:: AIM OF THE EXERCISE ::
Pictures aside, return all of the records exactly as they stand.

:: GIVEN RECORDS ::
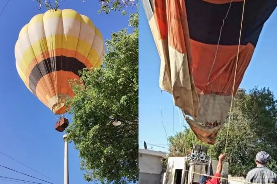 El globo tuvo que descender forzosamente por pérdida de sustentación. Los vecinos lo asistieron y retomó el vuelo.
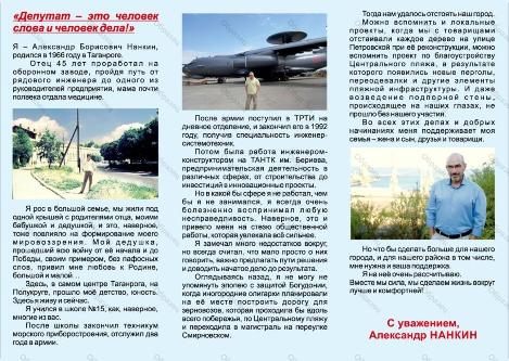 Оплачено за счет средств избирательного фонда кандидата в депутаты Городской Думы города Таганрога восьмого созыва по одномандатному избирательному округу № 3 Нанкина Александра Борисовича
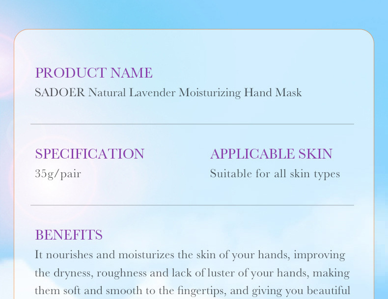 Лавандовая лавандовая маска для ног 35 г/пара (только для внешнеторговых продаж); Маска для ног из козьего молока, козьего молока, 35 г/пара (только для внешнеторговых продаж); Маска для ног Rose 35 г/пара (только для внешнеторговых продаж); Маска для ног Aloe Aloe 35 г/пара (только для внешнеторговых продаж); Отбеливающая маска для ног 35 г/пара (только для внешнеторговых продаж).; Лавандовая маска для рук 35 г/пара (только для внешнеторговых продаж); Маска для рук из козьего молока, козьего молока, 35 г/пара (только для внешнеторговых продаж); Маска для рук из розовой розы 35 г/пара (только для внешнеторговых продаж); Маска для рук Aloe Aloe 35 г/пара (только для внешнеторговых продаж); Отбеливающая маска для рук 35 г/пара (только для внешнеторговых продаж)
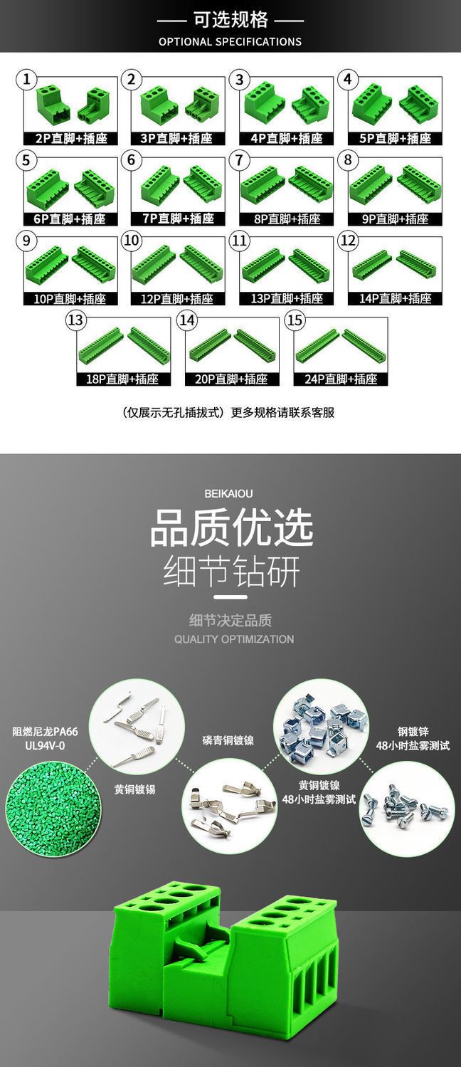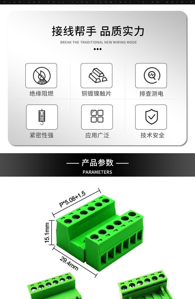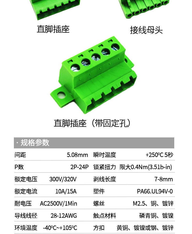 免焊对接2EDG 5.08mm 对插式2EDGRK5.08 插拔绿色接线端子2p-24p
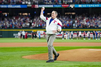 2023 World Series: Former President George W. Bush, who once owned the Texas Rangers, throws out the ceremonial first pitch before Game 1. (Mary DeCicco/MLB Photos via Getty Images)
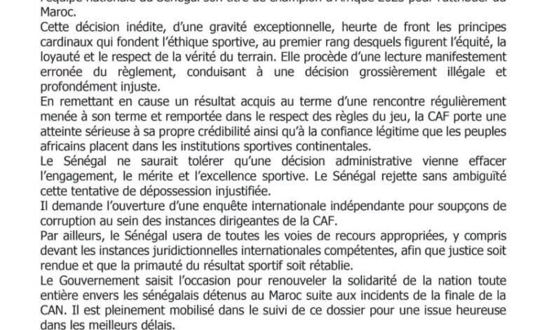 تعرب حكومة السنغال عن استيائها الشديد إزاء القرار الذي ،اتخذته لجنة الاستئناف التابعة للاتحاد الأفريقي لكرة القدم (CAF)، والذي يهدف إلى تجريد المنتخب السنغالي من لقب بطل أفريقيا 2025 ومنحه للمغرب.
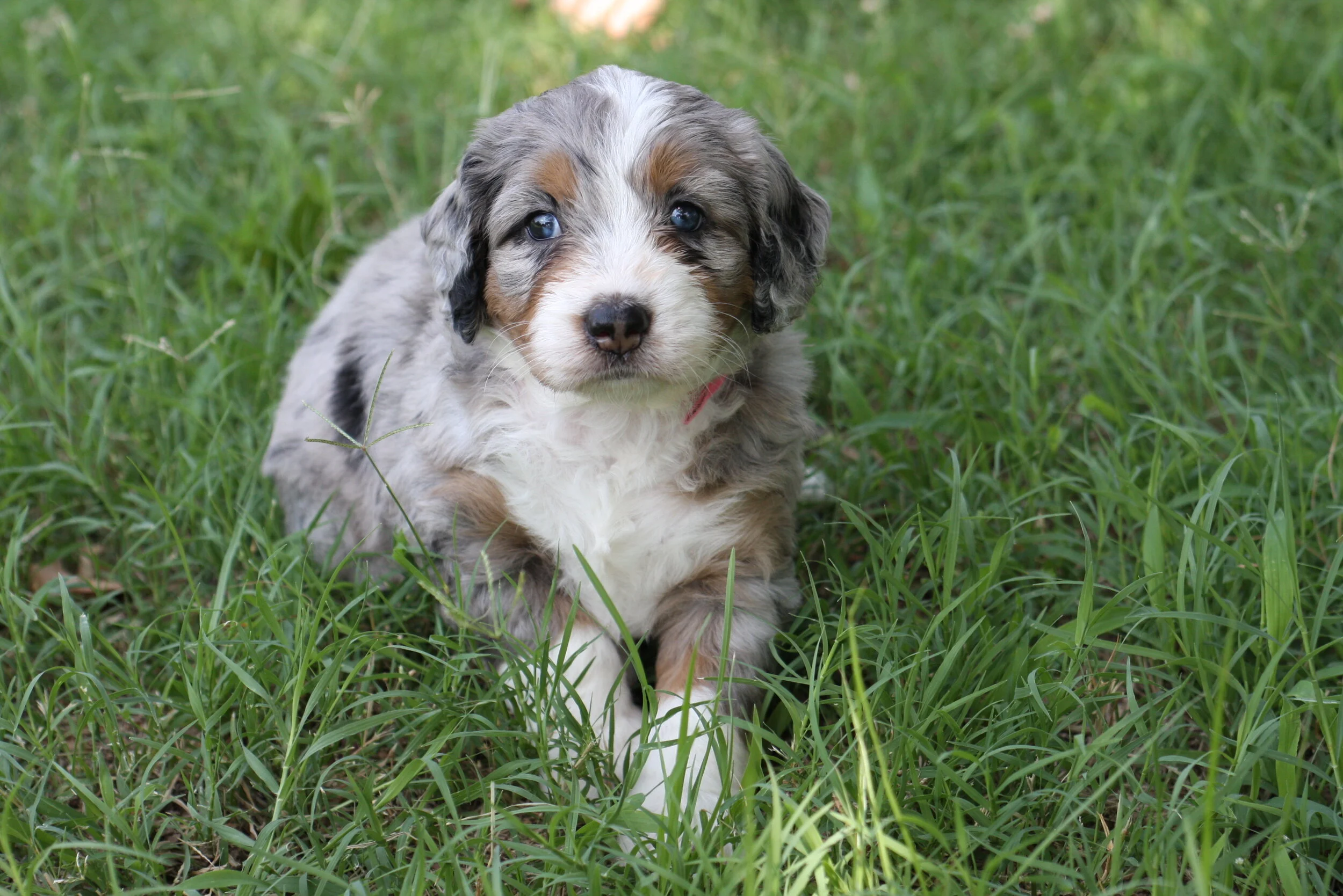 Mini Merle Bernedoodle and Bernese Mountain Dog

:: REPLY ::
 El globo tuvo que descender forzosamente por pérdida de sustentación. Los vecinos lo asistieron y retomó el vuelo.
 Оплачено за счет средств избирательного фонда кандидата в депутаты Городской Думы города Таганрога восьмого созыва по одномандатному избирательному округу № 3 Нанкина Александра Борисовича
 Лавандовая лавандовая маска для ног 35 г/пара (только для внешнеторговых продаж); Маска для ног из козьего молока, козьего молока, 35 г/пара (только для внешнеторговых продаж); Маска для ног Rose 35 г/пара (только для внешнеторговых продаж); Маска для ног Aloe Aloe 35 г/пара (только для внешнеторговых продаж); Отбеливающая маска для ног 35 г/пара (только для внешнеторговых продаж).; Лавандовая маска для рук 35 г/пара (только для внешнеторговых продаж); Маска для рук из козьего молока, козьего молока, 35 г/пара (только для внешнеторговых продаж); Маска для рук из розовой розы 35 г/пара (только для внешнеторговых продаж); Маска для рук Aloe Aloe 35 г/пара (только для внешнеторговых продаж); Отбеливающая маска для рук 35 г/пара (только для внешнеторговых продаж)
 免焊对接2EDG 5.08mm 对插式2EDGRK5.08 插拔绿色接线端子2p-24p
 2023 World Series: Former President George W. Bush, who once owned the Texas Rangers, throws out the ceremonial first pitch before Game 1. (Mary DeCicco/MLB Photos via Getty Images)
 تعرب حكومة السنغال عن استيائها الشديد إزاء القرار الذي ،اتخذته لجنة الاستئناف التابعة للاتحاد الأفريقي لكرة القدم (CAF)، والذي يهدف إلى تجريد المنتخب السنغالي من لقب بطل أفريقيا 2025 ومنحه للمغرب.
 Mini Merle Bernedoodle and Bernese Mountain Dog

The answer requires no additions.